The effect of the tumour-forming disease, fibropapillomatosis, on the somatic growth dynamics of green turtles resident in the Pala'au foraging grounds (Moloka'i, Hawai'i) was evaluated using a Bayesian generalised additive mixed modelling approach. This regression model enabled us to account for fixed effects (fibropapilloma tumour severity), nonlinear covariate functional form (carapace size, sampling year) as well as random effects due to individual heterogeneity and correlation between repeated growth measurements on some turtles. Somatic growth rates were found to be nonlinear functions of carapace size and sampling year but were not a function of low-to-moderate tumour severity. On the other hand, growth rates were significantly lower for turtles with advanced fibropapillomatosis, which suggests a limited or threshold-specific disease effect. However, tumour severity was an increasing function of carapace size-larger turtles tended to have higher tumour severity scores, presumably due to longer exposure of larger (older) turtles to the factors that cause the disease. Hence turtles with advanced fibropapillomatosis tended to be the larger turtles, which confounds size and tumour severity in this study. But somatic growth rates for the Pala'au population have also declined since the mid-1980s (sampling year effect) while disease prevalence and severity increased from the mid-1980s before levelling off by the mid-1990s. It is unlikely that this decline was related to the increasing tumour severity because growth rates have also declined over the last 10-20 years for other green turtle populations resident in Hawaiian waters that have low or no disease prevalence. The declining somatic growth rate trends evident in the Hawaiian stock are more likely a density-dependent effect caused by a dramatic increase in abundance by this once-seriously-depleted stock since the mid-1980s. So despite increasing fibropapillomatosis risk over the last 20 years, only a limited effect on somatic growth dynamics was apparent and the Hawaiian green turtle stock continues to increase in abundance.
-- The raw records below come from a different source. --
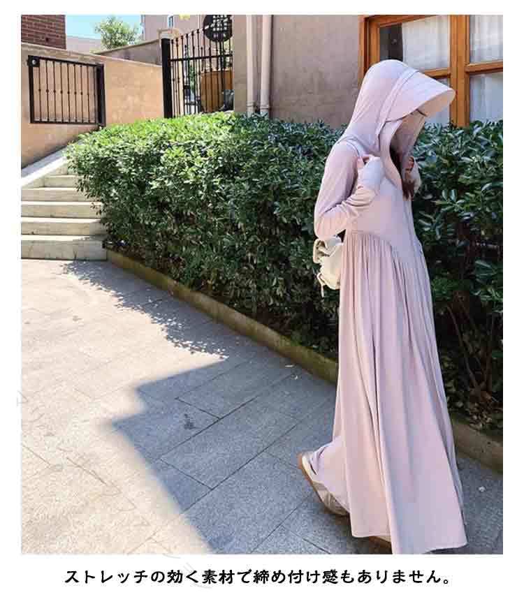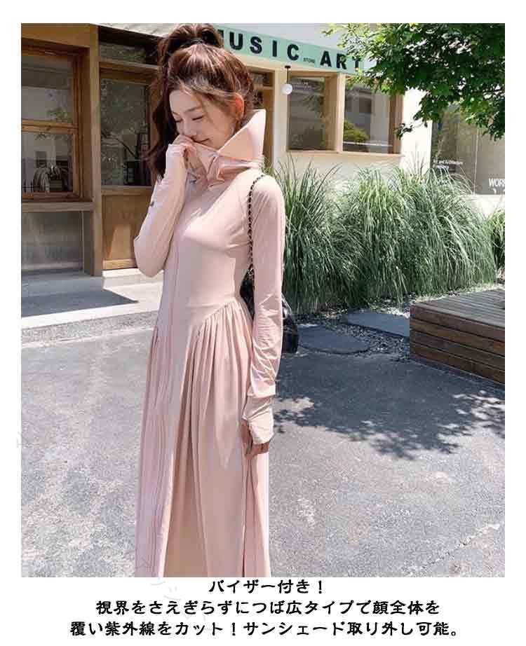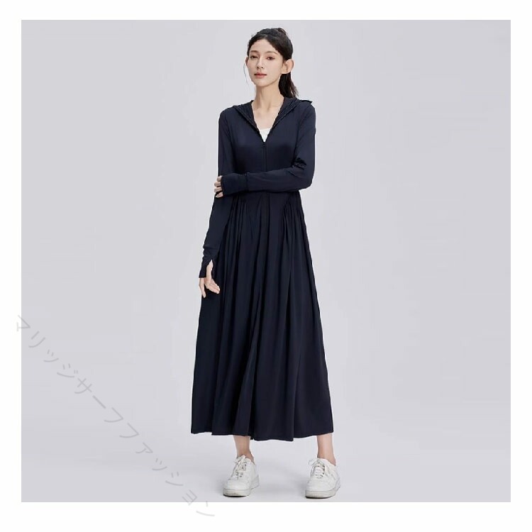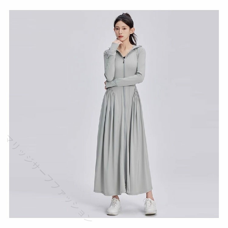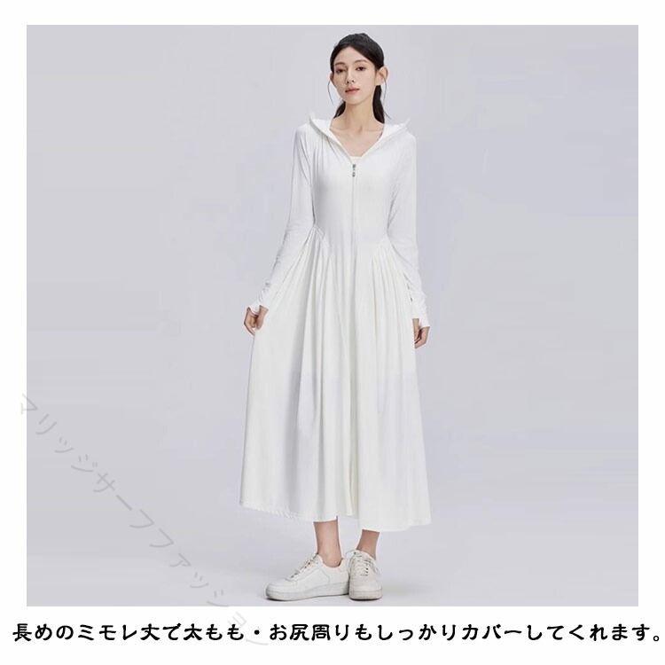 UVカット パーカー 超ロング 接触冷感 ワンピース ラッシュガード 薄手 長袖 UPF50+ 全身カバー 日焼け止め つば広 UV遮蔽率99% 涼しい 軽量 自転車 通勤 紫外線対策 大きいサイズ
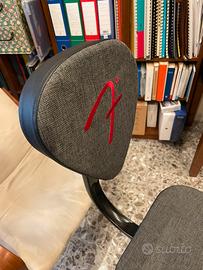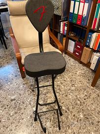 Vendo per inutilizzo sgabello con supporto per chitarra prodotto da Fender. Design pieghevole, schienale rimovibile, tessuto grigio tweed, piedini antiscivolo. Come nuovo. Comodo sia in casa che su palco o sala prove.
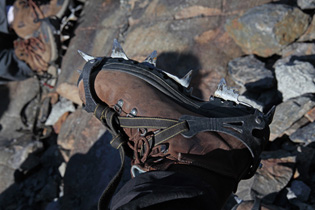 Dann endlich erreichen wir den Rand des Gletschers. Jeder bekommt Crampons in der passenden Größe und die Guides befestigen sie an unseren Füßen. Am Übergang von Fels zu Eis haben sich unter dem Eis kleine blauschimmernde Höhlen gebildet. Das sieht toll aus. Dann geht es los. Die ersten Schritte mit dem ungewohnten Fußwerk sind die schwierigsten, denn sie sind noch auf Stein. Nach ein paar Metern auf dem Eis erhalten wir eine genaue Einweisung, wie wir zu gehen haben. Breitbeinig, damit sich die Spikes nicht mit den Hosenbeinen verhaken, kurze feste Schritte, Gleichgewichtsverlagerung beim Bergauf- und bergabgehen. Gleich das erste Stück ist recht steil und wir alle müssen erst lernen, zu den Spikes das gleiche Zutrauen zu entwickeln wie für unsere Vibramsohlen auf Sandstein. Nein, wir rutschen nicht, die Spikes halten uns zuverlässig auch bei steileren Abschnitten. Während die erste Wegstrecke noch auf einer schmutzigen, fast schwarzen Gletscheroberfläche verläuft, wird die Umgebung immer heller. Kleine blaue Spalten sind zu sehen und die Sonne scheint wie verrückt. Nach der Enttäuschung mit Torres del Paine gestern ist nun schon alles halb so schlimm. Wir sind auf einem Gletscher. :-) Die Guides sind sehr aufmerksam und sichern uns an steileren Stücken gut ab. Es gibt viele Fotostopps und meine Kamera läuft heiß. Es ist wunderschön. Rund 90 Minuten verbringen wir hier im Eisskulpturenwunderland und zum Abschluss gibt es einen Baileys auf Gletschereis, bevor wir den Abstieg über Eis und Fels zum Boot beginnen. Nach einer Lunchpause im Sonnenschein wollen wir uns nun die Abbruchkante vom Wasser her genauer ansehen. Schon während unserer Wanderung hörten wir es mehrfach laut krachen und einmal flogen sogar Eisbrocken in hohem Bogen durch die Luft. Wir sind gespannt. Während die meisten Ausflügler erst einmal unter Deck gehen, um die Fotos der zur Tour gehörenden Fotografin anzusehen, bleiben wir mit einem amerikanischen Pärchen an Deck und erzählen ihnen gerade über die Naturschönheiten ihres Landes ;-) als es plötzlich wieder laut knallt. So schnell können wir gar nicht gucken, wie nun Eisberg für Eisberg von der schönen dunkelblauen rechten Seite des Gletschers mit hohen Wasserfontänen in den See stürzt. |

Evaluating trends in abundance of immature green turtles, Chelonia mydas, in the Greater Caribbean

Many long-lived marine species exhibit life history traits. that make them more vulnerable to overexploitation. Accurate population trend analysis is essential for development and assessment of management plans for these species. However, because many of these species disperse over large geographic areas, have life stages inaccessible to human surveyors, and/or undergo complex developmental migrations, data on trends in abundance are often available for only one stage of the population, usually breeding adults. The green turtle (Chelonia mydas) is one of these long-lived species for which population trends are based almost exclusively on either numbers of females that emerge to nest or numbers of nests deposited each year on geographically restricted beaches. In this study, we generated estimates of annual abundance for juvenile green turtles at two foraging grounds in the Bahamas based on long-term capture-mark-recapture (CMR) studies at Union Creek (24 years) and Conception Creek (13 years), using a two-stage approach. First, we estimated recapture probabilities from CMR data using the Cormack-Jolly-Seber models in the software program MARK; second, we estimated annual abundance of green turtles. at both study sites using the recapture probabilities in a Horvitz-Thompson type estimation procedure. Green turtle abundance did not change significantly in Conception Creek, but, in Union Creek, green turtle abundance had successive phases of significant increase, significant decrease, and stability. These changes in abundance resulted from changes in immigration, not survival or emigration. The trends in abundance on the foraging grounds did not conform to the significantly increasing trend for the major nesting population at Tortuguero, Costa Rica. This disparity highlights the challenges of assessing population-wide trends of green turtles and other long-lived species. The best approach for monitoring population trends may be a combination of (1) extensive surveys to provide data for large-scale trends in relative population abundance, and (2) intensive surveys, using CMR techniques, to estimate absolute abundance and evaluate the demographic processes' driving the trends.